# Synthesizer Gesucht



## thelighter2 (22. Dezember 2009)

Hallo ihr lieben,
ich suche jegliche art von SoftwareSynthesizer die sich besonders gut in Electro/Minimal Housemusik verwenden lassen.Sie sollten mit Logic Pro 9 verwendbar sein.

PS:Wenn einer von euch noch Namen von ein Paar gute Compressoren kennt,könnte er sie auch hier Posten.

LG Alex


----------



## sight011 (24. Dezember 2009)

Von Waves gibt es ganz gute Kompressoren - kosten aber auch ordentlich Asche!


----------



## lothar_matthäus (16. Februar 2010)

Synths kann man zb mit SynthEdit selber bauen oder mal bei Google eingeben.
"KVR" beschägtigt sich viel damit. Dort gibt/gab es Wettbewerbe in welchen selbstprogrammierte Synths gegeneinander antreten.
Diese sind in aller Regel kostenlos downloadbar.

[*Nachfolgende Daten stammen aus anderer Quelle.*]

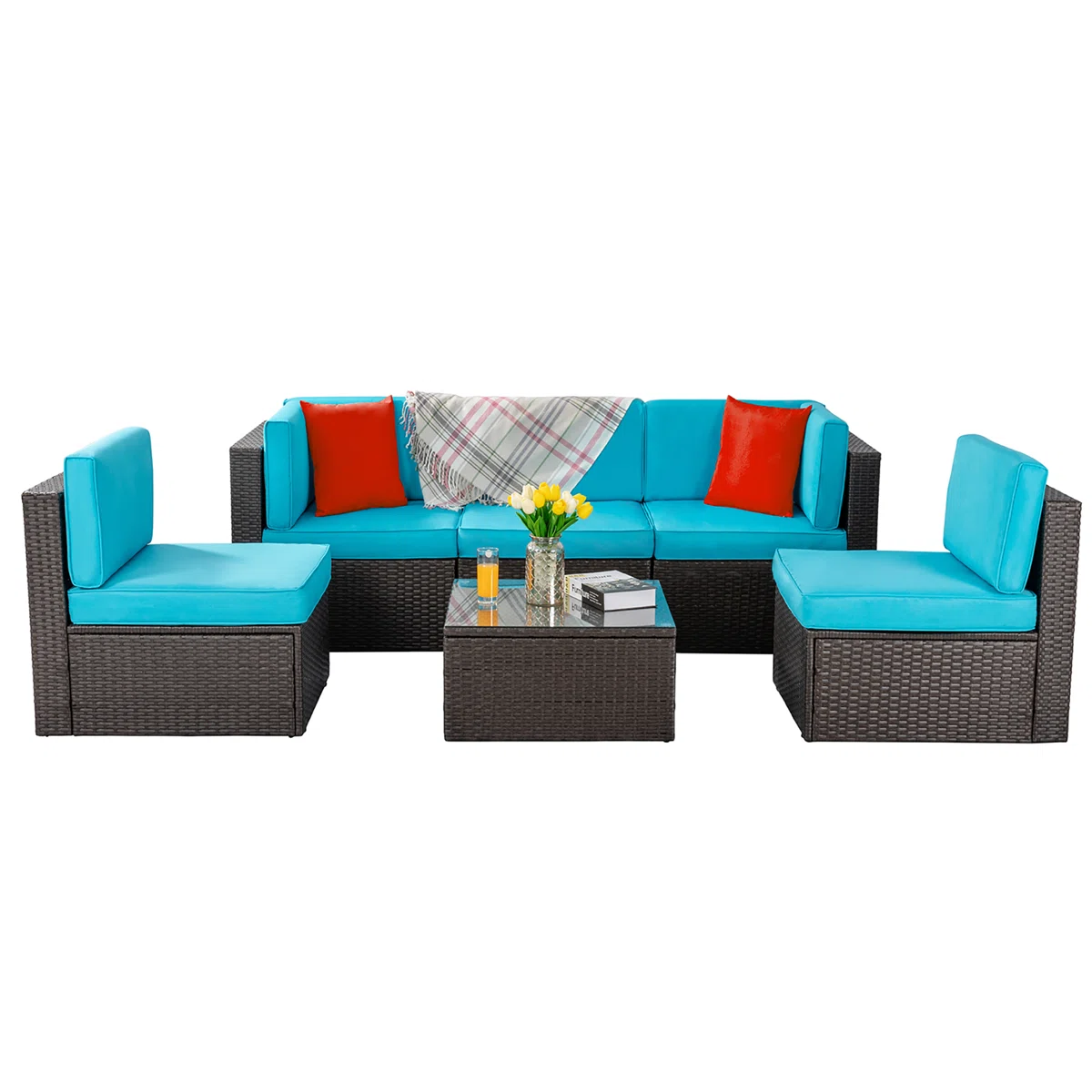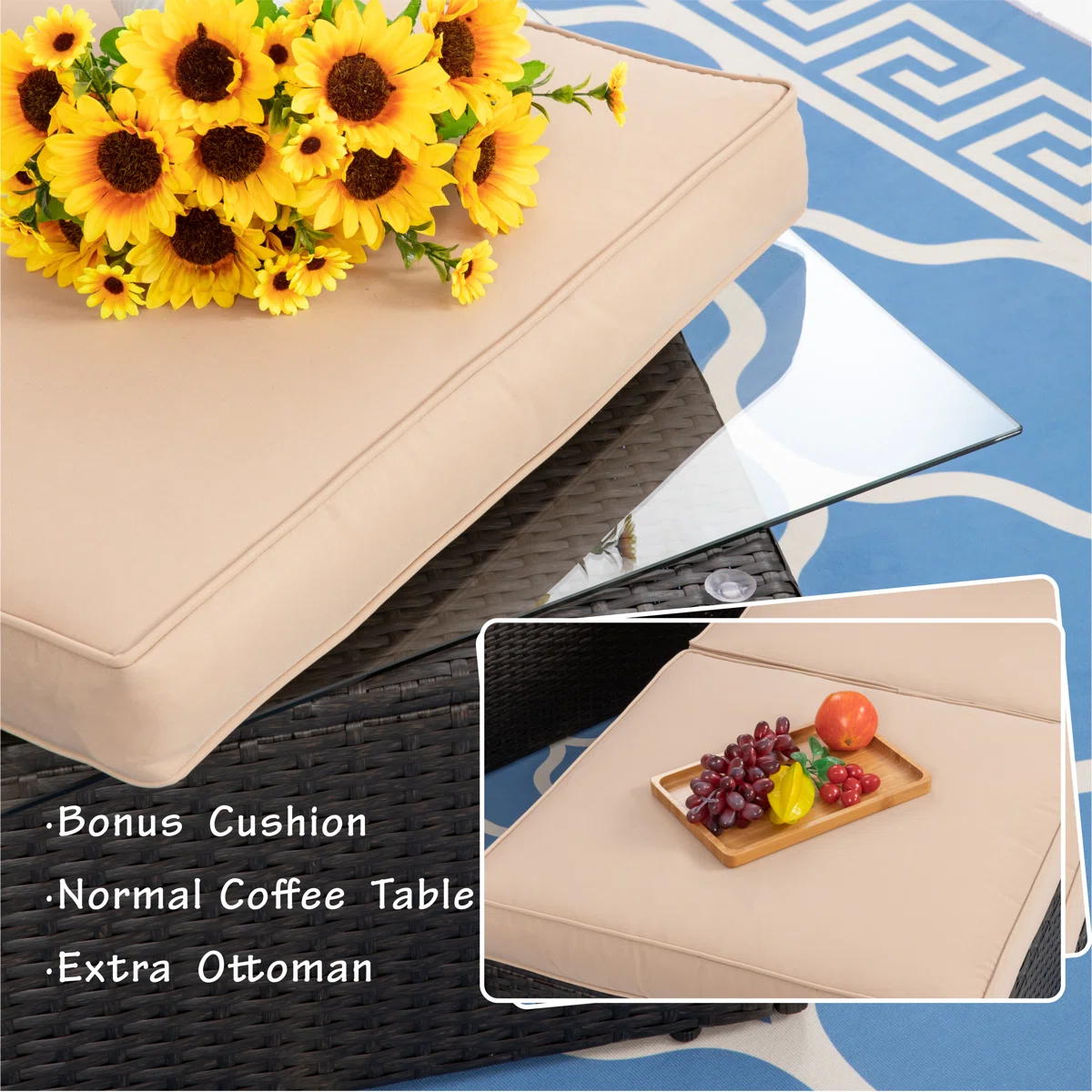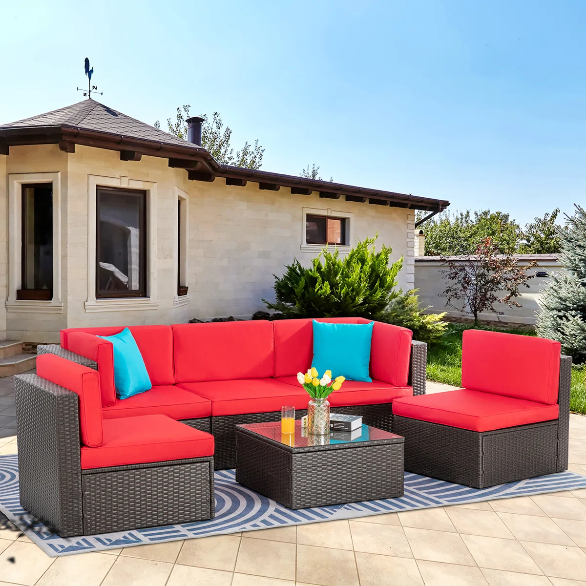 - High-Quality Rattan & Frame, High-quality materials, environmentally friendly; durable, and not to be broken. The sturdy and resilient UV coated PE wicker is tightly woven over a sturdy, powder-coated solid steel frame which provides strong support you can rely on. This outdoor sofa set is designed for weather resistance, and low maintenance ensuring it will last long.

Die meisten DAW´s haben implementierte Kompressoren.
Damit kann man schon viel anstellen, das Prinzip is eh fast immer gleich.

viel spass


----------



## monia (16. Februar 2010)

falls logic die rewire funktion hat, kann ich dir nur reason von propellerheads empfehlen, ist genau das richtige für die richtung.


----------